Il faut savoir apprécier la bataille hautement calibrée que se sont livrés les autorités du football et les joueurs des Lions Indomptables. Ce match s’est en fait déroulé en deux temps tel un match sur le rectangle vert.
La première manche, celle de l’opinion publique, a vu la popularité des joueurs et surtout de leur capitaine rafler la mise face à la surprise des autorités qui ne croyaient pas au jusqu’au boutisme des joueurs.
Samuel Eto’o et ses coéquipiers ont trouvé la manière, pour une fois, de faire bouger l’innamovible fédération de football qui gère les affaires depuis bien des années et dont la seule occupation semble être les petites querelles internes qui prouvent son existence.
Le capitaine nommé par Le Guen voulait probablement surfer sur sa notoriété. Ancien joueur vénéré du mythique FC Barcelone, joueur à la triplette de l’Inter de Milan, devenu depuis peu le salarié le plus cher de l’histoire du football, il semble incarner un idéal plus proche des réalités occidentales et est peut-être allé trop vite en besogne.
Même si le soutien populaire leur semblait acquis, faire comprendre au camerounais moyen qui peine à se soigner et à s’offrir un peu de luxe que le joueur le mieux payé du monde, qui a touché près de 170 millions des caisses de l’État sur une période de trois ans, a décidé de faire grève pour une affaire de 500 000 FCFA, est difficile à comprendre.

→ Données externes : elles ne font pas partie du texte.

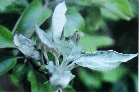 主要为害幼市或苹果树的嫩枝、叶片,也可为害芽、花及幼果。苗木染病后,顶端叶片和幼苗嫩茎产生灰门色斑块,如覆盖白色粉状物。发病严重时,病斑扩展土全叶,病叶萎缩,渐变褐色而枯死。新梢顶端被害后,展叶迟缓,抽出的叶片细长,呈紫红色,顶梢扭曲,发育停滞后。在病斑上,特别是在嫩茎及腋间,生出很多密集的黑色小粒点即病菌的闭囊壳。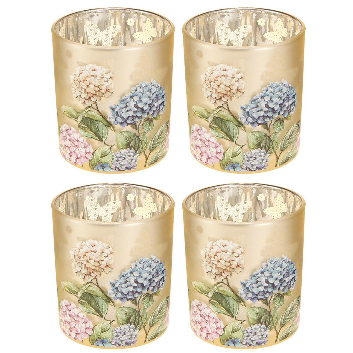 Decoratieve glazen lantaarn met bloemenmotief voor stijlvolle woonaccessoires, 8 cm, 4 stuks.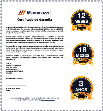 A Micromazza assegura a garantia contra qualquer não conformidade do equipamento ou de fabricação que nele apresentar, pelo período de 12 (DOZE) em uso e 18 (DEZOITO) meses em estoque contados a partir da data de aquisição devidamente comprovada através da Nota Fiscal emitida.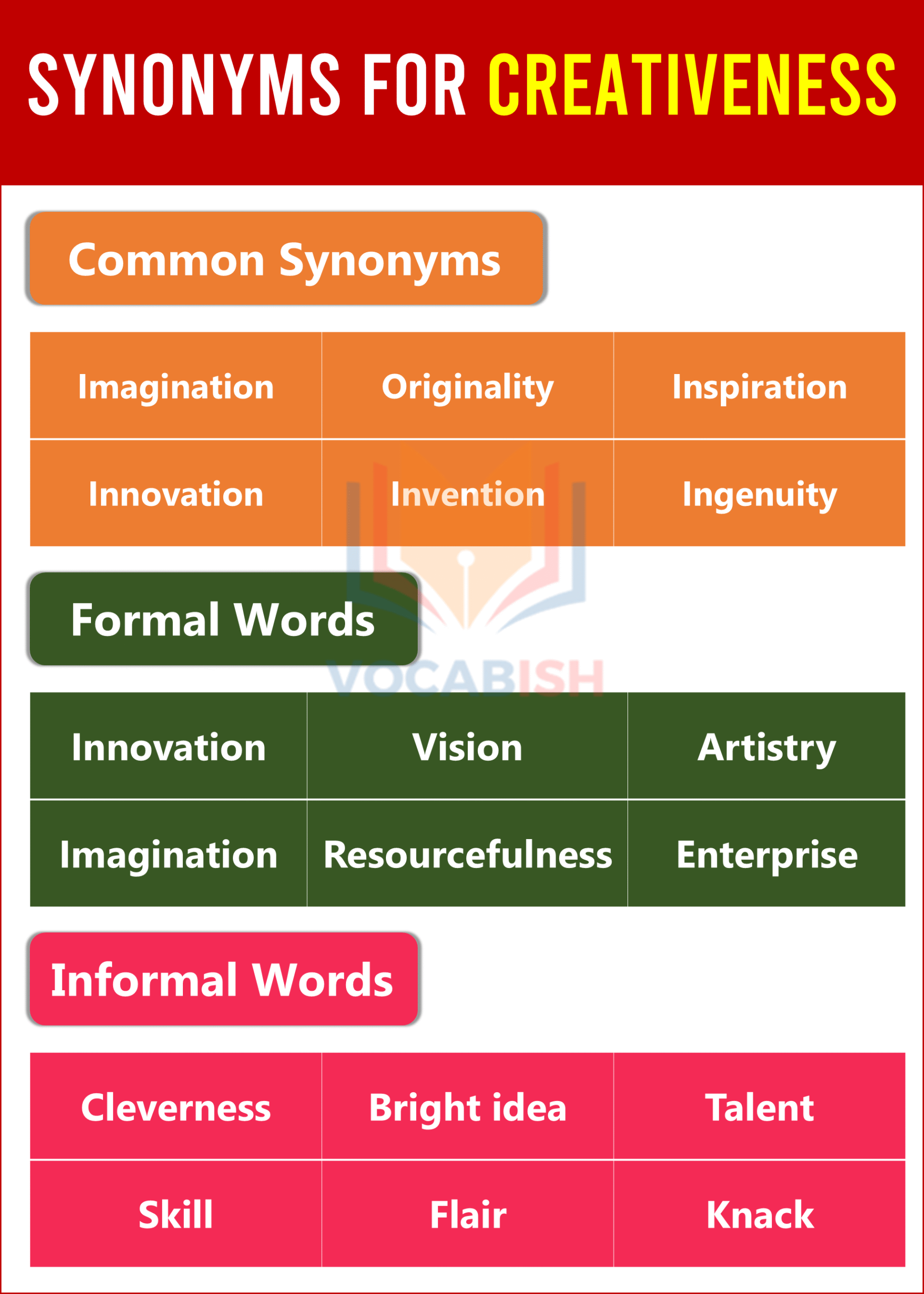 - Its synonyms like imagination, innovation, and originality are often used in everyday English.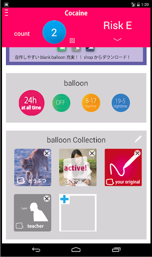 ・balloon shopからダウンロードしたballoonは、時間帯やスマホ依存の状態によってコメントが変化!

D’autant plus que la fédération, parfois si passive, est passée à l’offensive avec des documents de preuve solides, et a réussi à démonter les accusations de Samuel Eto’o.
Il faut dire aussi que c’est bien la première fois qu’un capitaine, nommé par la hiérarchie, entame aussi publiquement un bras de fer contre ses dirigeants.
Autant Samuel Eto’o utilise les médias pour faire passer son message, autant le président de la fécafoot, Iya Mohammed, s’inscrit dans un tout autre registre.
C’est que l’homme est un habitué de la politique, un gestionnaire qui a passé la majeure partie de sa vie dans la gestion de braise. C’est à quelque chose près avec la même dextérité que l’homme a su monter une rébellion contre le président de la FIFA en 2004 pour faire annuler la décision de retirer six points au Cameroun avant les éliminatoires de la coupe du Monde 2006. Il est plutôt discret, a une intelligence au dessus de la moyenne et sait s’entourer.
Ses relations au sommet de l’État sont telles que l’homme a pu envoyer paître, avec un brin de gentillesse, un ministre de la République, qui ne lui demandait que la démission de l’ensemble du bureau exécutif de la fédération.
Fort du soutien de la FIFA, il a pu imposer sa vision au gouvernement en peignant Samuel Eto’o comme étant un homme incontrôlable, dangereux pour la République, une personne qui s’enivre de ses succès et qui souhaite mener une revolte populaire tel le printemps arabe. Il faut dire que le capitaine de Le Guen a su lui rendre la tâche facile par ses sorties publiques, ses interventions et le coulage de certaines informations dans les médias et ses coups de sang.
Des semaines se sont écoulées depuis les deux décisions de la fédérations et plus personne ne s’émeut du sort reservé à Samuel Eto’o. Ses différents collaborateurs dans les médias se font discrets, question de laisser passer le temps. Quant aux joueurs qui ont fait leur « coming out » pour supporter leur capitaine, ils portent le poids de leur engagement.
De l’autre côté, un autre homme continue à vaquer à ses occupations, se fait adouber à la FIFA dans différentes commissions, son championnat professionnel a démarré sur les chapeaux de roue, et tout le panel administratif et gouvernemental du Cameroun le salue désormais avec déférence.